* **Problem to work on**: Only the lines in the entries below from the line with "No injuries were" to the line with "為全面提升學(xué)生工作", both included, belong in the answer, transcribed exactly and without pictures.

* **Provided records**:
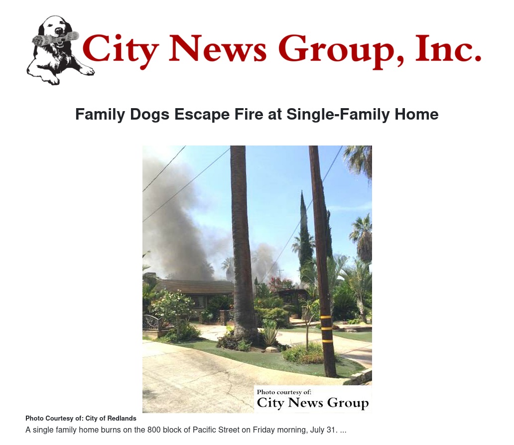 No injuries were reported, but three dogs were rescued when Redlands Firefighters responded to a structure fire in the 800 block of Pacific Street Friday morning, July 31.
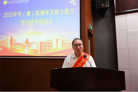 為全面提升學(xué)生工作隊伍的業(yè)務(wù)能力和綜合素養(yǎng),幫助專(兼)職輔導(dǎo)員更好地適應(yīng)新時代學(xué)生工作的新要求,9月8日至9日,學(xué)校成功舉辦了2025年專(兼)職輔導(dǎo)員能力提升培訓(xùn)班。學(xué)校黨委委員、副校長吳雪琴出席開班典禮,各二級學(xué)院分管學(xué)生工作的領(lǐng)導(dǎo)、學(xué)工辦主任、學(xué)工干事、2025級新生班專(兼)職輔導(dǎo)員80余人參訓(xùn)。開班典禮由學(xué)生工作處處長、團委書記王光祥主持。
---
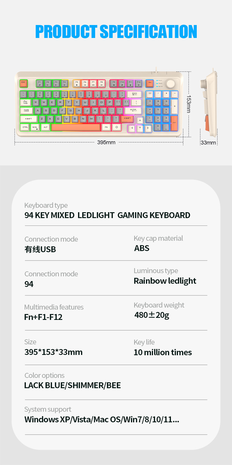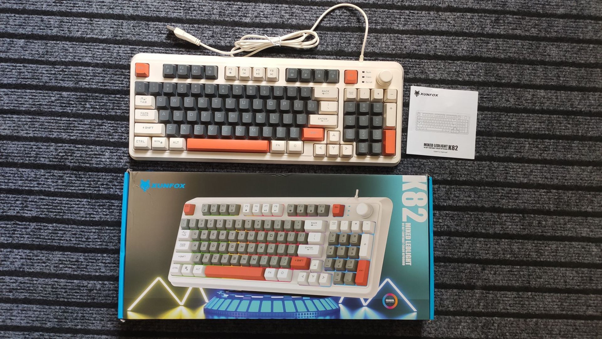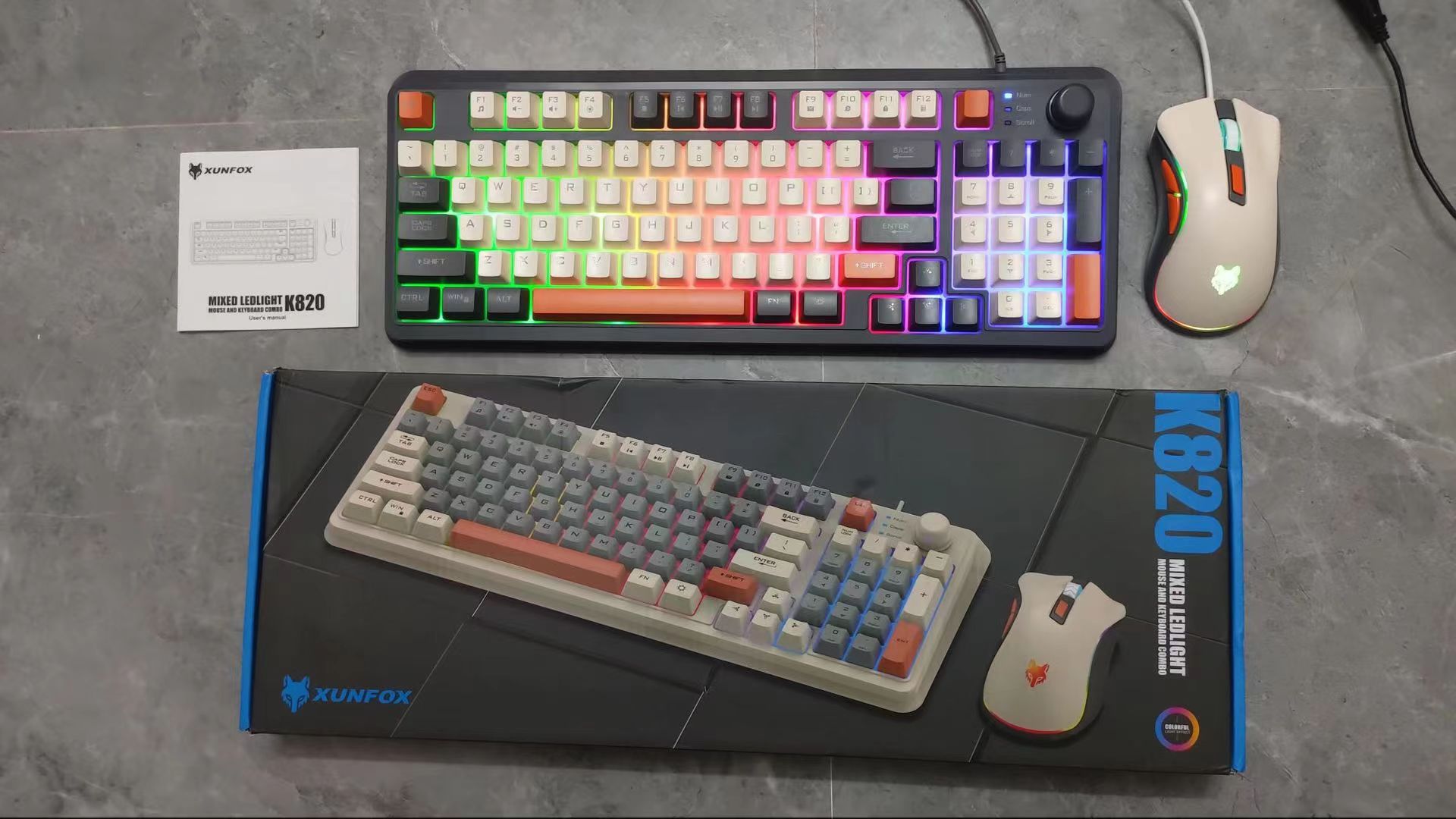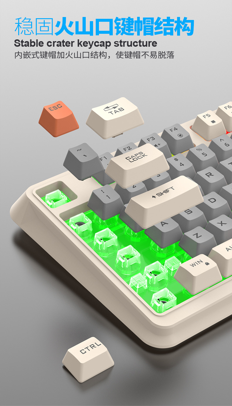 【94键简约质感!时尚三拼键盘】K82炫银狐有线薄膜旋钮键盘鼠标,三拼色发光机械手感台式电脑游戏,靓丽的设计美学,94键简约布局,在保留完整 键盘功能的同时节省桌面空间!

* **Response to this task**:
 No injuries were reported, but three dogs were rescued when Redlands Firefighters responded to a structure fire in the 800 block of Pacific Street Friday morning, July 31.
 為全面提升學(xué)生工作隊伍的業(yè)務(wù)能力和綜合素養(yǎng),幫助專(兼)職輔導(dǎo)員更好地適應(yīng)新時代學(xué)生工作的新要求,9月8日至9日,學(xué)校成功舉辦了2025年專(兼)職輔導(dǎo)員能力提升培訓(xùn)班。學(xué)校黨委委員、副校長吳雪琴出席開班典禮,各二級學(xué)院分管學(xué)生工作的領(lǐng)導(dǎo)、學(xué)工辦主任、學(xué)工干事、2025級新生班專(兼)職輔導(dǎo)員80余人參訓(xùn)。開班典禮由學(xué)生工作處處長、團委書記王光祥主持。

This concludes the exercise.